6.6.1 Boilers

The primary function of the boilers is to transform the heat from the reactor into a form which is suit­able for electrical power generation. In this respect the AGR represents a major advance from the magnox reactors in that the boilers are designed specifically to provide steam to 660 MW turbines of exactly the same design as those used on the modern fossil-fired stations. The boiler temperatures and pressures are therefore higher than on the magnox stations and in addition there is an integral gas-heated reheater. The reactor itself has a heat output of 1550 MW and delivers carbon dioxide gas at 6l5°C to the boilers, which raise 500 kg of steam per second at 54I°C and 166 bar for expansion in the turbine HP cylinder and subsequently reheat it to 539°C at 40.7 bar for expansion in the IP cylinder. This duty requires 300 kilometres of boiler tubing in each reactor and the whole boiler system accounts for some 10% of the capital cost of the station.

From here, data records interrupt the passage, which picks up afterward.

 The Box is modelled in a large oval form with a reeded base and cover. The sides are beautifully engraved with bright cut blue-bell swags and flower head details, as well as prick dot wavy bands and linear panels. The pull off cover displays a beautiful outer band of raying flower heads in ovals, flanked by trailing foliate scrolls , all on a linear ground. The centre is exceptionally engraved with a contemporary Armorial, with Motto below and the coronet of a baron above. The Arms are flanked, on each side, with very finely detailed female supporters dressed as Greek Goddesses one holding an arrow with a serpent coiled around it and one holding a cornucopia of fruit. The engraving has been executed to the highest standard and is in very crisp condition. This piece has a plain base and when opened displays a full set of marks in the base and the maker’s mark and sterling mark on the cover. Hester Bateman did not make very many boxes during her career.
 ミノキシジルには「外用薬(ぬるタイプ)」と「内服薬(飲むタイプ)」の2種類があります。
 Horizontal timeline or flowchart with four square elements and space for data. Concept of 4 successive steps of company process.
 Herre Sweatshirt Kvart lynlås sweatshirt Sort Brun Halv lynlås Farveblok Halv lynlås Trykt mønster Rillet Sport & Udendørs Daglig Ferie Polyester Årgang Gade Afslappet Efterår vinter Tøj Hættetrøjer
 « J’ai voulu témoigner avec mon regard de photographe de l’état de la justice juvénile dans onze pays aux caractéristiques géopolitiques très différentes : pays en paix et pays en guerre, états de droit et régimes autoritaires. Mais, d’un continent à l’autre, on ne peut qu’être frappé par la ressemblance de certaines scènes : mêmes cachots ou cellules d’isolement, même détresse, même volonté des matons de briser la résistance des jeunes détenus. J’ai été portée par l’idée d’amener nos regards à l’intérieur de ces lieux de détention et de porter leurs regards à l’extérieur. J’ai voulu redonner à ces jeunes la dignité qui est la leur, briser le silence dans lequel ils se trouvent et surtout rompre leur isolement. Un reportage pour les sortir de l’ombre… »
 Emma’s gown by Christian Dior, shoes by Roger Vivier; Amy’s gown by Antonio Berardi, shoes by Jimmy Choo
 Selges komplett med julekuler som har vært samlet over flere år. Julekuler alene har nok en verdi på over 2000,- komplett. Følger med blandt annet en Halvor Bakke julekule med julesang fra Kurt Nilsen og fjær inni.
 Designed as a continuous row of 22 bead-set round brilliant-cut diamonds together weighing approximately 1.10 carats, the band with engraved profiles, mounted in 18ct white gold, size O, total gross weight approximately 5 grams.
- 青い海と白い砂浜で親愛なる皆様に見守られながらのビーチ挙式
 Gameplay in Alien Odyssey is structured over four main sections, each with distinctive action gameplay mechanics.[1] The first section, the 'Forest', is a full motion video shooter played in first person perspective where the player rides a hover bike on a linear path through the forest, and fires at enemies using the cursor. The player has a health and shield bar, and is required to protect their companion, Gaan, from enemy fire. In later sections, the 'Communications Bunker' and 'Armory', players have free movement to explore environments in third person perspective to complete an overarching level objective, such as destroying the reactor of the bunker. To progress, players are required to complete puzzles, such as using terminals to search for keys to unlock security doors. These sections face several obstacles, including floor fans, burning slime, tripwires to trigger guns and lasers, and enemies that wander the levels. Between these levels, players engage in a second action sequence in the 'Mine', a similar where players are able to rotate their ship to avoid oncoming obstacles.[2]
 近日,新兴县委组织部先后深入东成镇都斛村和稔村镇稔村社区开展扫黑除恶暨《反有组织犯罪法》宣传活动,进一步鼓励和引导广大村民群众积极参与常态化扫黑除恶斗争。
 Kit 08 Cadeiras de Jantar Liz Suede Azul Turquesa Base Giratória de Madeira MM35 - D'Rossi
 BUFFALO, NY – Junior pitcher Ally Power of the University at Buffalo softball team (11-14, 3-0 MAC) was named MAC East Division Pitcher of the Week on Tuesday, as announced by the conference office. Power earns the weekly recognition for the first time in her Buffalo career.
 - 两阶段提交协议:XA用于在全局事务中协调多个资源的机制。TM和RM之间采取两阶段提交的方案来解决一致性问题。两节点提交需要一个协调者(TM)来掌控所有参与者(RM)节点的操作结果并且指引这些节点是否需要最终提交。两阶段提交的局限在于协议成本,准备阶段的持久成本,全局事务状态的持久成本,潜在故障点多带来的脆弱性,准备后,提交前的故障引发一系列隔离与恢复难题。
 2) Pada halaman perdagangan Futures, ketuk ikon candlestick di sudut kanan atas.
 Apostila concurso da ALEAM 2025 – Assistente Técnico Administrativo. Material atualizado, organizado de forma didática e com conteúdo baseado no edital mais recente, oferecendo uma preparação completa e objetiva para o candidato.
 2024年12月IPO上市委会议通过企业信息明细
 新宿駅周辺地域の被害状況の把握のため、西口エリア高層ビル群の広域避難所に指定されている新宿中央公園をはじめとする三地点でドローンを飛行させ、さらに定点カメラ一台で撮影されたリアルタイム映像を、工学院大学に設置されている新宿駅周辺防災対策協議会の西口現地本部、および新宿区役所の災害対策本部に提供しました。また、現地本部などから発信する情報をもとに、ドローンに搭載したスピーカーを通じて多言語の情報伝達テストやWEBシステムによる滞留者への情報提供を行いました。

Apart from its function in transferring power, the main boiler system plays a major role in the safety of the reactor in that it forms part of the primary cir­cuit pressure boundary and is the principal means of removing the heat produced within the reactor vessel post trip. An additional and much smaller decay heat boiler is installed at the base of the main boiler. This provides the essential diverse post-trip cooling system and is served by completely independent feed and steam systems.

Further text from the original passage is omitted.